Hopefully I’ve convinced you to give YA a shot. Now let’s figure out how should you use YA to improve your German.

Highlight new words

“Intermediate” fluency is tricky. If you’re on the CEFR levels B1 or B2 (or even higher), your first full-length novel in German may contain hundreds of words you’ve never seen before. Despite this, you may find yourself having no trouble understanding the gist of things. This is because you’re being presented new words in context.

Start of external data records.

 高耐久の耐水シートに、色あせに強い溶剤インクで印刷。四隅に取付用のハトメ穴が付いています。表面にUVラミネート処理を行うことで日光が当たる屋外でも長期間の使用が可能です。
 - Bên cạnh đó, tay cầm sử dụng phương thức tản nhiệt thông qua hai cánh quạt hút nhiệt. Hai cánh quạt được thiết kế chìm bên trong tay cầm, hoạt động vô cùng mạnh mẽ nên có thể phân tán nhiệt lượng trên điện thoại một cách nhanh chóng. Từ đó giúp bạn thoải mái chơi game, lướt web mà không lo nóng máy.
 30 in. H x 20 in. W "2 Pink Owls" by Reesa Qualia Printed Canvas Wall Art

You may not know the word Eule, but when it’s in a sentence about Harry Potter putting Hedwig in her cage, you can assume it means “owl.”

So what to do?

There are a few useful vocabulary strategies you can use at this point to make sure you really commit the word Eule to memory. Keeping a vocabulary notebook, creating physical flashcards or using a study app such as Anki are all ways to keep practicing new words on your own. You can even create your own flashcard decks from the new words you encounter in your readings!

But don’t get hung up on every new word

If you highlight and translate every single new word, you’ll never make it through the book. Narrow it down as follows.

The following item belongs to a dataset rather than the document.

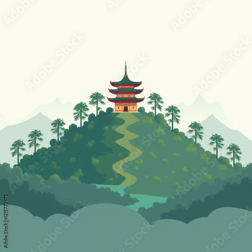 Serene Pagoda Hilltop Landscape - Minimalist illustration

First, if you simply cannot understand a scene because there are too many incomprehensible words, then it’s dictionary time. Context can only help you figure out new words if you understand the context.

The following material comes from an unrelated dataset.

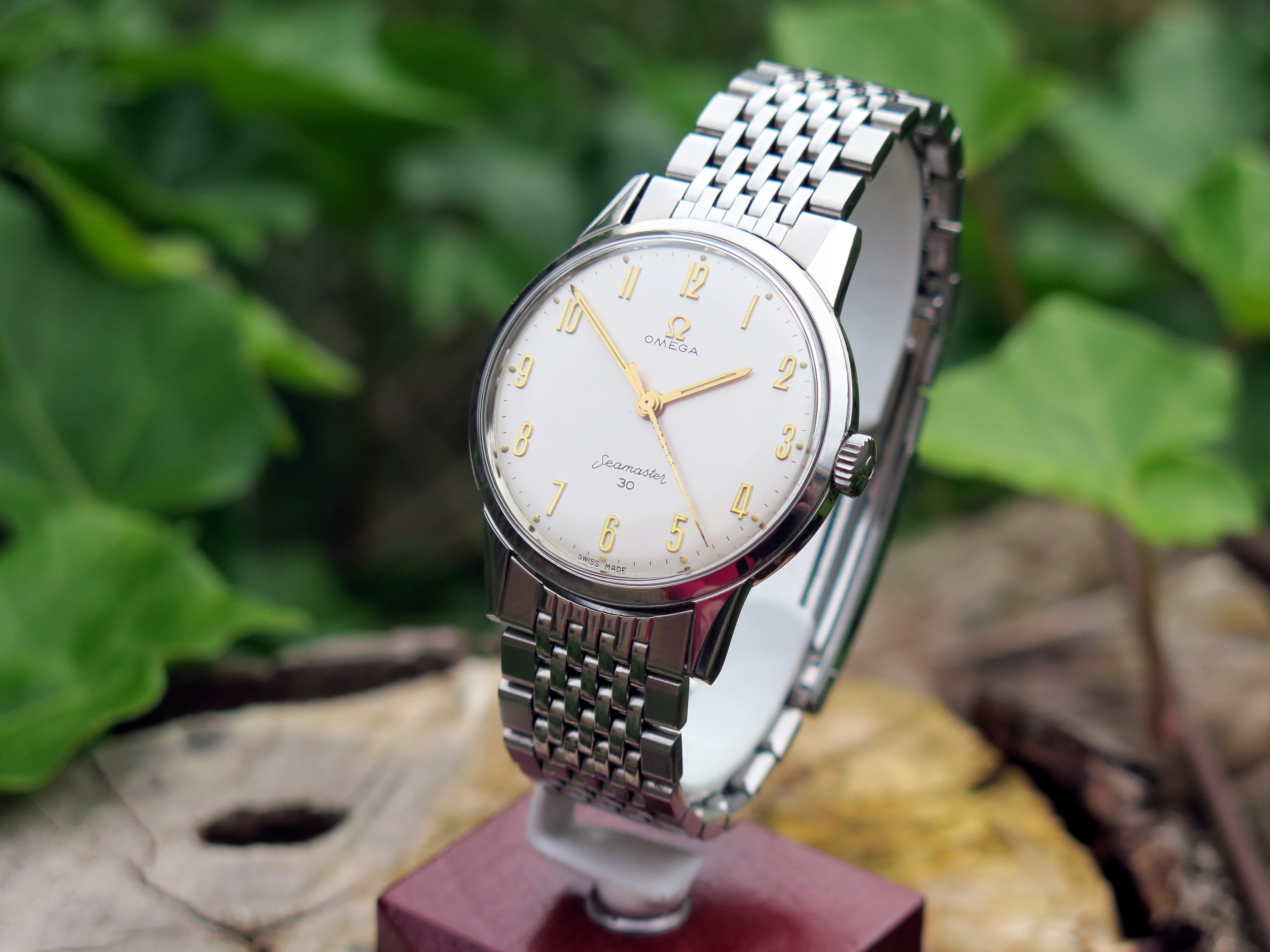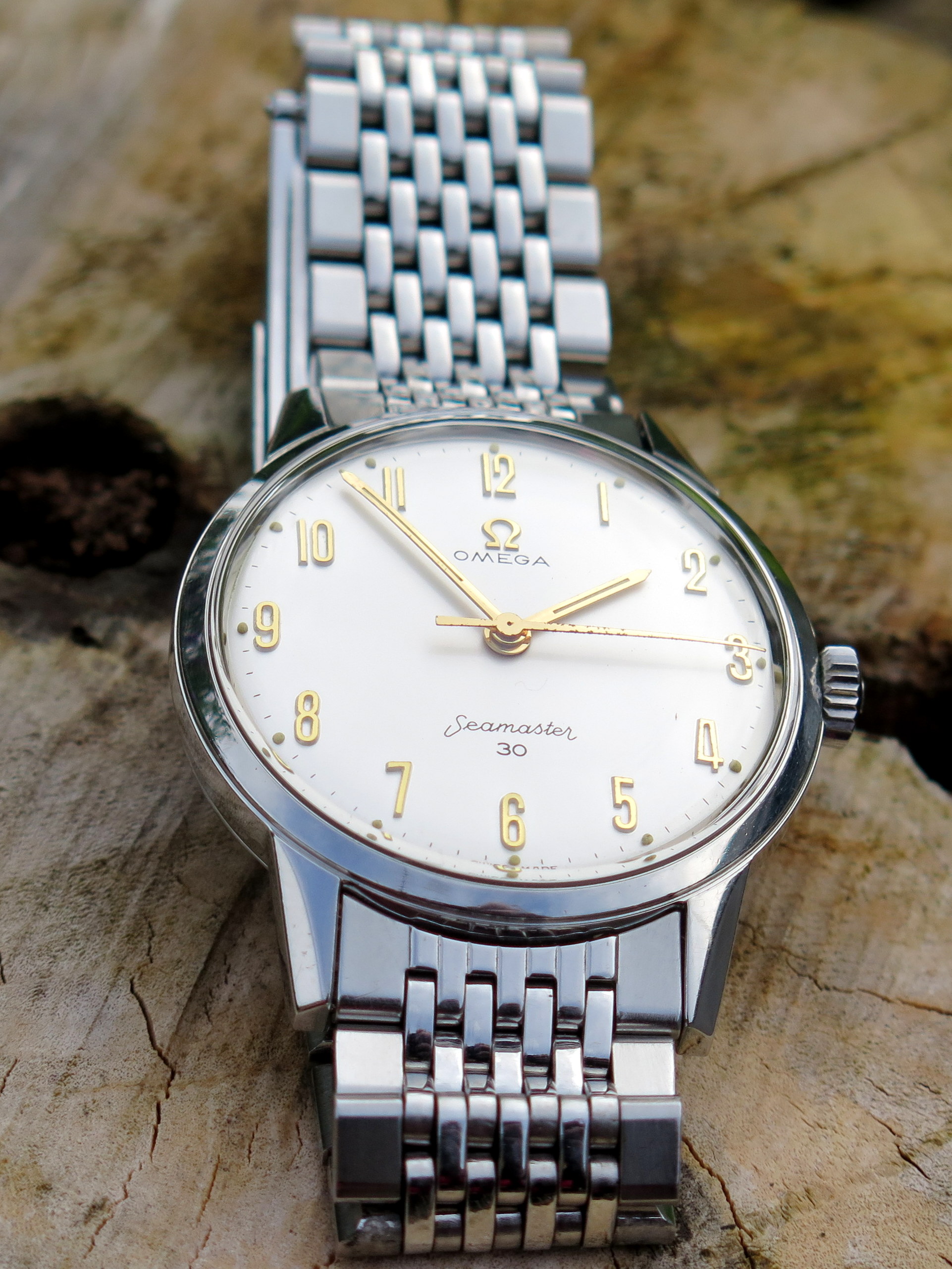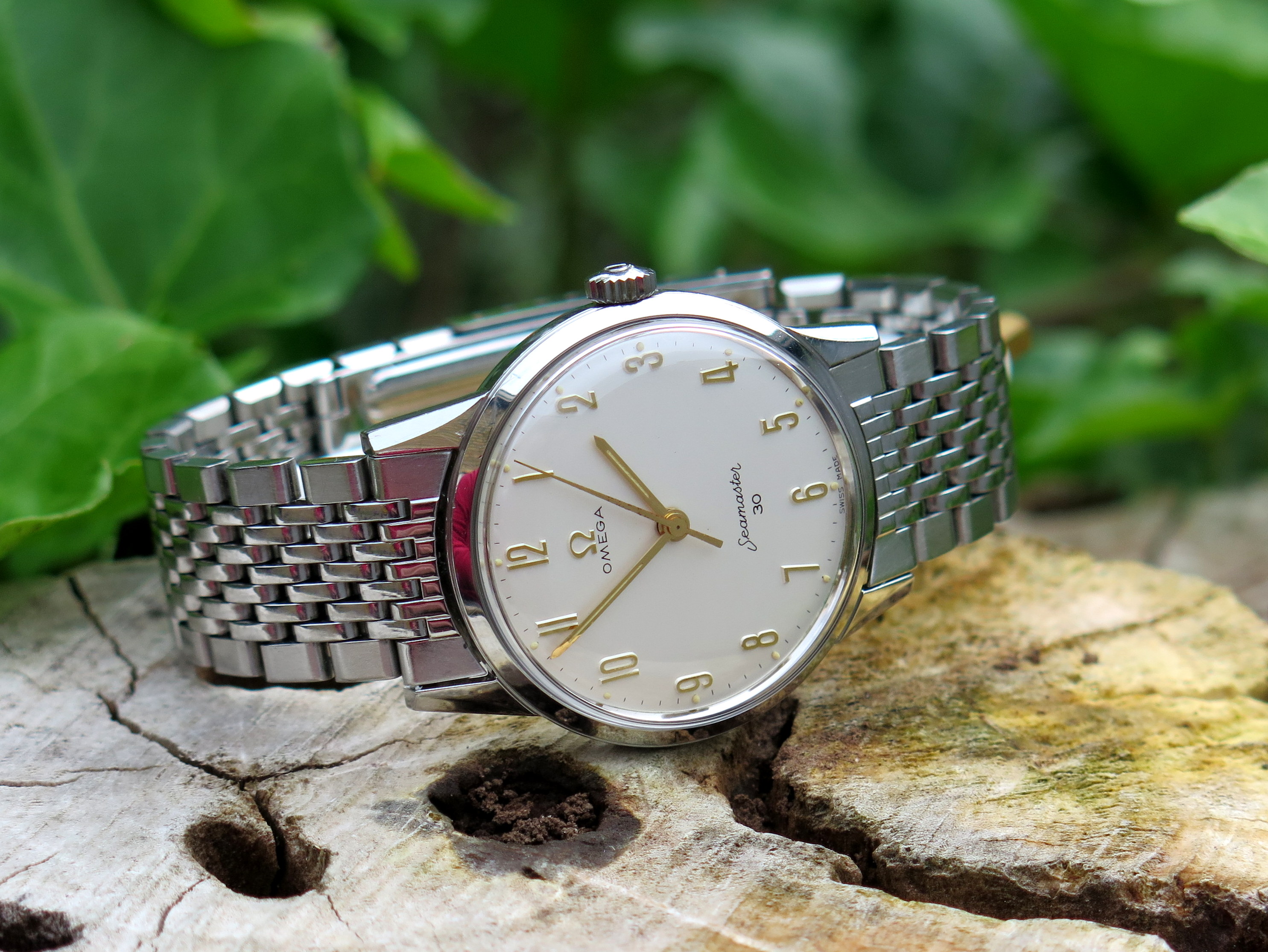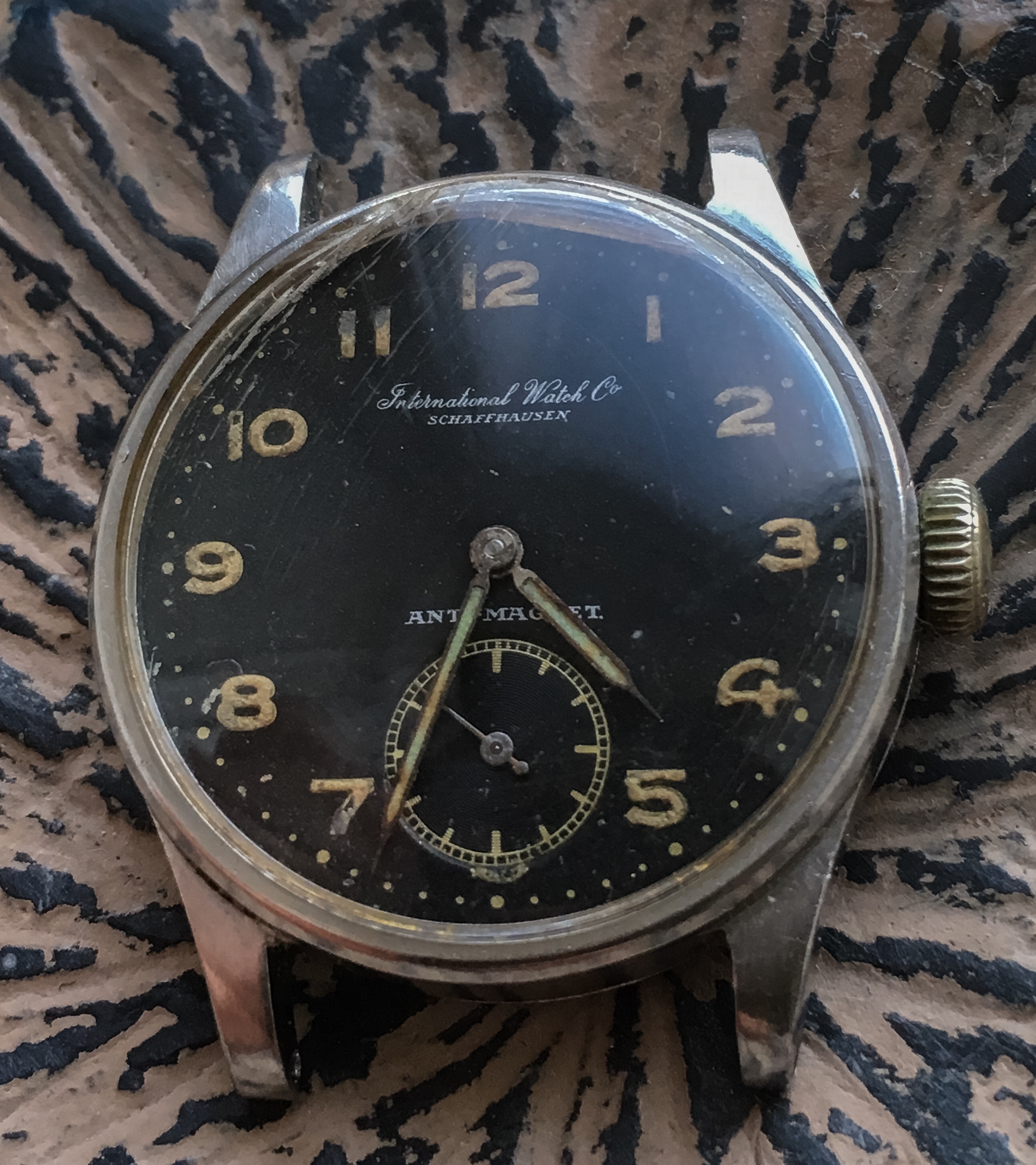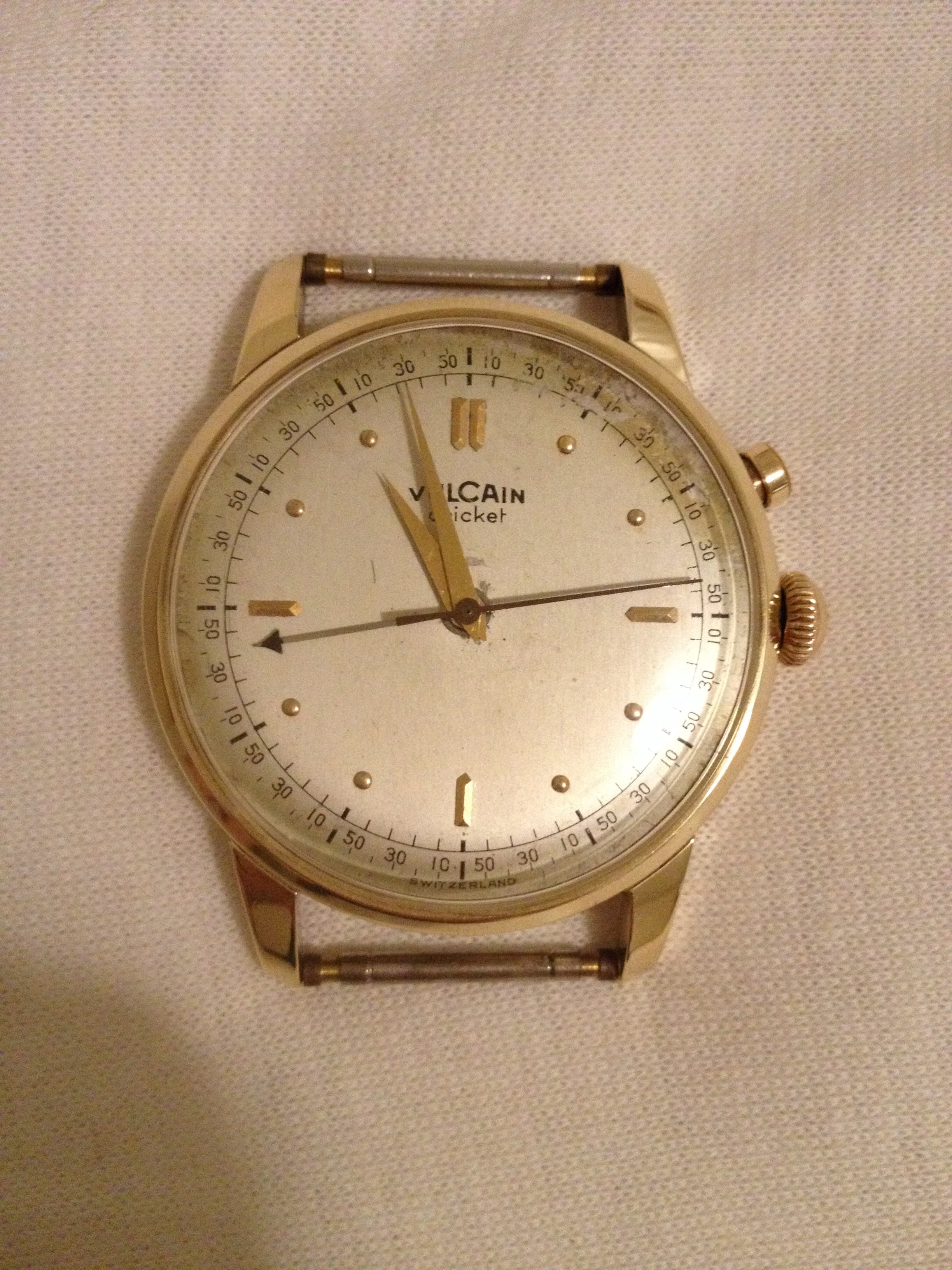 An older brother (1953) for my Memovox family! This one is a reference 3151 with a 489 cal. It's the stainless version of the Charlie Chaplin Memovox. Got some debris floating around the dial so it's off to the clinic but not before a brief family reunion.

Second, if a new word or phrase is critical to a scene or the overall story, copy it down even if it seems clear in context. My next study strategy will explain why.

Keep a reading log or discuss with a partner

Reading can be a very passive activity. By keeping a reading log summarizing what you’ve read—auf Deutsch, natürlich—or by talking to someone about it, you bring yourself into a more active understanding of the text and its vocabulary.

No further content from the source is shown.